When to Fine-tune Florence-2¶

Fine-tuning Florence-2 is beneficial when you need:

Domain-specific object detection - Detect specialized objects in your industry (medical, industrial, etc.)
Custom captioning style - Generate captions that match your specific terminology or format
Specialized OCR - Improve text recognition for domain-specific fonts or layouts
Task-specific performance - Optimize for a particular vision task with your data

Recommended Use Cases for Fine-tuning¶

✅ Medical imaging - Detect anatomical structures or abnormalities
✅ Industrial inspection - Identify defects or components in manufacturing
✅ Document analysis - Extract structured data from forms or receipts
✅ Retail - Detect products or analyze shelf layouts
✅ Agriculture - Identify crops, pests, or plant diseases

Learn more: How to Fine-tune Florence-2

Supported Tasks¶

Florence-2 supports multiple vision tasks.
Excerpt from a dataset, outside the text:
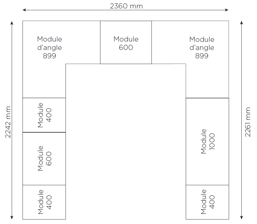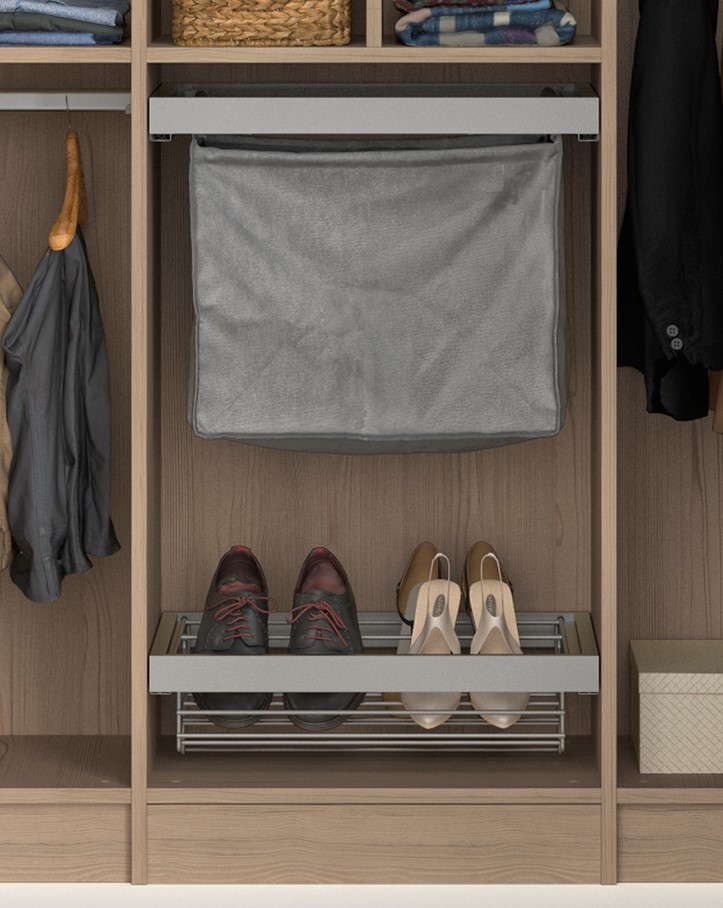 Un dressing en U qui permet d'exploiter les 3 côtés de la pièce sans perte de place. Des équipements bien adaptés pour que chaque objet trouve sa place et une utilisation de l'espace en hauteur pour la bagagerie.

Use the high-level API methods for each task:

Task	Method	When to Use
Image Captioning	`caption_image()`	Generate natural language descriptions of images at different levels of detail (normal, detailed, very detailed)
Object Detection	`detect_objects()`	Detect and locate all objects in an image, or detect specific classes using open vocabulary detection
OCR	`ocr_image()`	Extract all text from images without location information
OCR with Detection	`parse_document()`	Extract text with bounding box locations - ideal for document parsing and structured text extraction
Phrase Grounding	`ground_phrase()`	Locate objects in an image based on a text description (e.g., "red car", "person wearing hat")
Instance Segmentation	`segment_phrase()`	Generate segmentation masks for objects matching a text description
Region Segmentation	`segment_region()`	Generate segmentation masks for objects within specified bounding boxes
Region Classification	`classify_image_region()`	Classify what object is in a specific region of the image
Region Captioning	`caption_image_region()`	Generate captions for specific regions of the image
Region OCR	`ocr_image_region()`	Extract text from specific regions of the image

Usage Examples¶

Image Captioning¶

import cv2
from inference_models import AutoModel

# Load model
model = AutoModel.from_pretrained("florence-2-base")

# Load image
image = cv2.imread("path/to/image.jpg")

# Generate caption (normal, detailed, or very_detailed)
captions = model.caption_image(images=image, granularity="detailed")
print(f"Caption: {captions[0]}")

Object Detection¶

import cv2
from inference_models import AutoModel

# Load model
model = AutoModel.from_pretrained("florence-2-base")
image = cv2.imread("path/to/image.jpg")

# Detect all objects with class labels
detections = model.detect_objects(images=image, labels_mode="classes")
print(detections[0])

# Detect specific classes (open vocabulary)
detections = model.detect_objects(
    images=image,
    classes=["person", "car", "dog"]
)
print(detections[0])

OCR (Text Extraction)¶

import cv2
from inference_models import AutoModel

# Load model
model = AutoModel.from_pretrained("florence-2-base")
image = cv2.imread("path/to/document.jpg")

# Extract text only
text = model.ocr_image(images=image)
print(f"Text: {text[0]}")

# Extract text with bounding boxes
detections = model.parse_document(images=image)
print(detections[0])  # Detections with text in bboxes_metadata

Phrase Grounding¶

import cv2
from inference_models import AutoModel

# Load model
model = AutoModel.from_pretrained("florence-2-base")
image = cv2.imread("path/to/image.jpg")

# Find objects matching a phrase
detections = model.ground_phrase(images=image, phrase="red car")
print(detections[0])

Instance Segmentation¶

import cv2
from inference_models import AutoModel

# Load model
model = AutoModel.from_pretrained("florence-2-base")
image = cv2.imread("path/to/image.jpg")

# Segment objects matching a phrase
instance_detections = model.segment_phrase(images=image, phrase="person")
print(instance_detections[0])  # InstanceDetections with masks

Using Fine-tuned Models¶

import cv2
from inference_models import AutoModel

# Load your fine-tuned model from Roboflow
model = AutoModel.from_pretrained(
    "your-workspace/your-model/version",
    api_key="your_roboflow_api_key"
)

image = cv2.imread("path/to/image.jpg")

# Use the model (API depends on what you fine-tuned for)
detections = model.detect_objects(images=image)
print(detections[0])

Workflows Integration¶

Florence-2 can be used in Roboflow Workflows for complex computer vision pipelines. The Florence-2 block supports all task types and can be combined with other blocks for advanced processing.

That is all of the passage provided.